Nitric oxide (NO) reacts with oxygen gas to form nitrogen dioxide (NO2), a

dark-brown gas:
2NO(g) + O2(g) -> 2NO2(g)
In one experiment 0.886 moles of NO is mixed with 0.503 moles of O2.
Calculate which of the two reactants is the limiting reagent.

Please show set up of problem and show work.

To determine which reactant is the limiting reagent, we need to compare the moles of each reactant and see which one is more limited in the reaction.

Given:
Moles of NO = 0.886 moles
Moles of O2 = 0.503 moles

To calculate the limiting reagent, we will use the stoichiometry of the balanced chemical equation.

The balanced equation is:
2NO(g) + O2(g) -> 2NO2(g)

From the balanced equation, we can see that the ratio of NO to O2 consumed is 2:1.

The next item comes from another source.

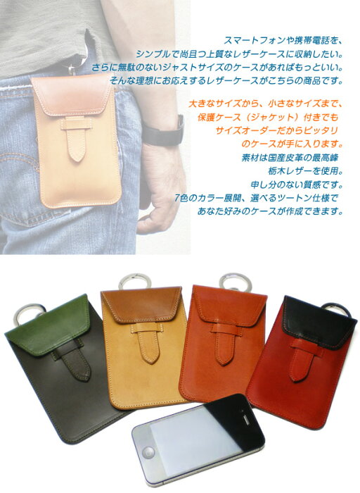 【差込ベルト・カラビナ付 / シンプルタイプ】セミオーダー スマートフォン ケース 栃木レザー【1mm単位29円】 本革 スマホケース【iPhone12 / 11 / 12 mini 12pro 12 pro max / se2 第2世代 XS XSmax X 8 8Plus xperia AQUOS GALAXY 等各種スマホに合わせて作成】
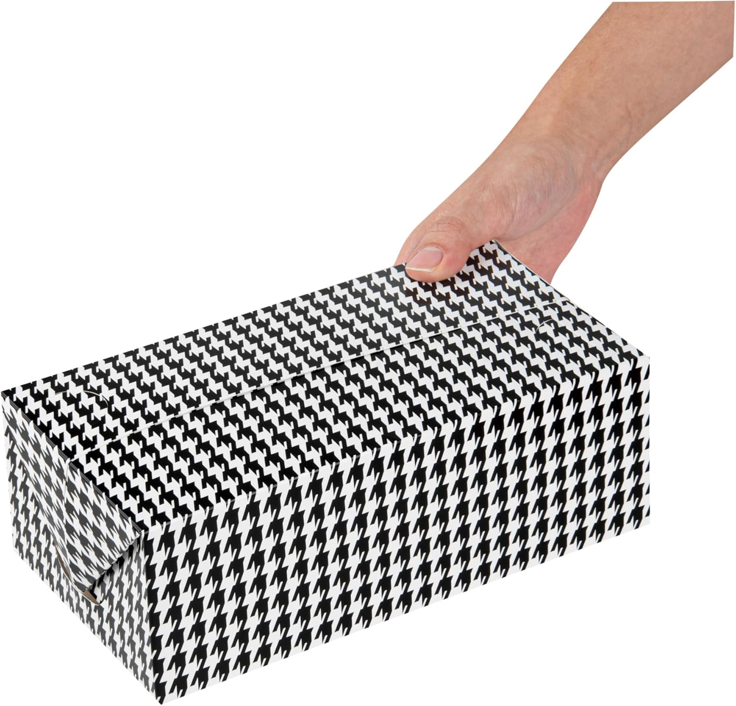Ensure seamless meal transport with leakproof packaging. The Bio Tek Spill-Resistant Paper Takeout Box boasts a fast top closure that ensures a secure seal, allowing foodservice establishments to streamline packaging processes and safeguard meals during delivery. With a generous 71-ounce capacity, this greaseproof takeout container accommodates large meals or combo offerings, while its greaseproof lining prevents oil leakages, maintaining food freshness and quality. The stylish black houndstooth pattern enhances brand presentation, making it an attractive choice for upscale takeout services. Constructed from recyclable paper, this freezer-safe takeout box minimizes waste and supports eco-friendly initiatives, appealing to environmentally-conscious consumers. Measuring 8.9 inches in length, 4.9 inches in width, and 3.1 inches in height, this box provides reliable support for various food items, reducing the risk of leaks or spills. Elevate your foodservice operation's packaging solutions by choosing this versatile paper takeout box. Each order includes 100 Bio Tek Spill-Resistant Paper Takeout Box.

1) Calculate the number of moles of NO required to react with O2:
Moles of O2 * (2 moles of NO / 1 mole of O2) = 0.503 moles * (2 moles of NO / 1 mole of O2) = 1.006 moles of NO required

2) Compare the calculated moles of NO required with the actual moles of NO given:
Moles of NO required = 1.006 moles
Moles of NO given = 0.886 moles

Since the actual moles of NO given (0.886 moles) are less than the moles of NO required (1.006 moles), it means that NO is the limiting reagent.

Therefore, in this reaction, NO is the limiting reagent, and O2 is the excess reagent.